MK> It turns out that glibc supports CP1125. I never heard of it before your posts here but it doesn't surprise me any. The conversion MK> CP1125 <-> UTF-8 appears to be working 100% so far. However I don't see any mention of it at IANA; MK> http://www.iana.org/assignments/character-sets
MK> For the record I am keeping your MSGs as CP1125 and only do the conversions when I quote. I *NEVER* mess with the originals and MK> neither does any code here that I am currently using.
PG>> I'll be glad if the FTS about DDN could be improved or corrected.
MK> Understood. What do you need to make it happen? MK> I am unsure what the real problem is
Three problems: 1. Disable to add additional information to DDN domain (such as pointlist or fresh network segment). 2. Requirement to skip and ignore addresses like f*.n*.z2.* and any other method built from FTN address from INA when building DDN. 3. Claim that such addresses should not appear in the nodelist even if the domain is not DDN (for example, f*.n*.z*.node.binkp.net or f*n*.z2.dyn.binkp.net).
I proposed changes to the FTS in a message before.
MK> and throwing Russians under the bus isn't going to help ... even if they deserve it. ;-)
This is not related to the technical problems. I mentoined this only for explain source of the technical problems (as I think) caused by this FTS.

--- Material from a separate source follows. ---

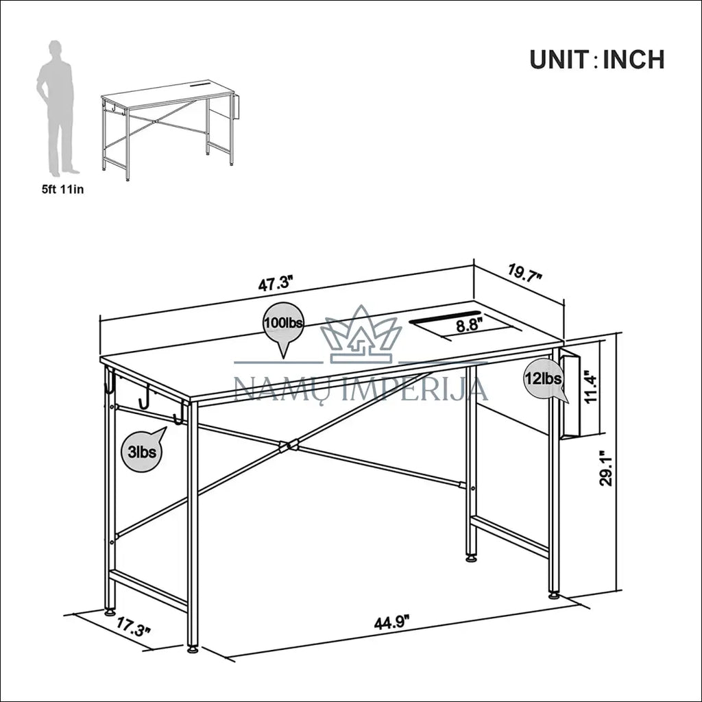 Papuoškite savo biurą paprastu, stilingu ir funkcionaliu rašomuoju stalu; Papildomas daiktų laikymo krepšys ir kabliukai efektyviai sutvarko biuro reikmenis, kad Jūsų darbo vieta būtų tvarkinga; Pagamintas su tvirtu metaliniu rėmu ir reguliuojamais kojų paminkštinimais, kad stalas būtų stabilus; Integruotas „iPad“ lizdas (8,8 colio) patogiai talpina „iPad“, planšetinį kompiuterį, išmanųjį telefoną; Aukštos kokybės inžinerinės medienos paviršius natūraliai papildo gyvenamąją erdvę; Lengva surinkti su aiškiomis montavimo instrukcijomis ir gerai išdėstytais priedais; “Blue Elephant”; Siuntimo pakuotė gali būti ne originali, prekė siunčiama nesurinkta. |

PG>> And the FTS about charsets too.
MK> Unfortunetly that one might be a tad harder to pull off especially if it isn't listed at IANA. MK> As I said previously, it is an obscure encoding, or at least it is in this part of the world and without IANA support ... ????
Some codepages listed in the FTS-5003 is not listed at IANA. For example, cp848 which is not known by glibc or IANA, and I first heard about it from this FTS.
IANA documents related to Internet. Traditionally on unix systems for russian language before utf-8 as 8-bit encoding used koi8-r, and on dos and os/2 - cp866. Internet was based on unix, fidonet - on dos (and later os/2). Therefore as primary encoding for russian on Internet was koi8-r, and for fidonet - cp866. Ukrainian modification of koi8-r is koi8-u (rfc2319), and modification of cp866 is cp1125 (registered as ibm codepage). IANA documented koi8-u in internet standard, but we in fido should document cp1125 as used in fidonet.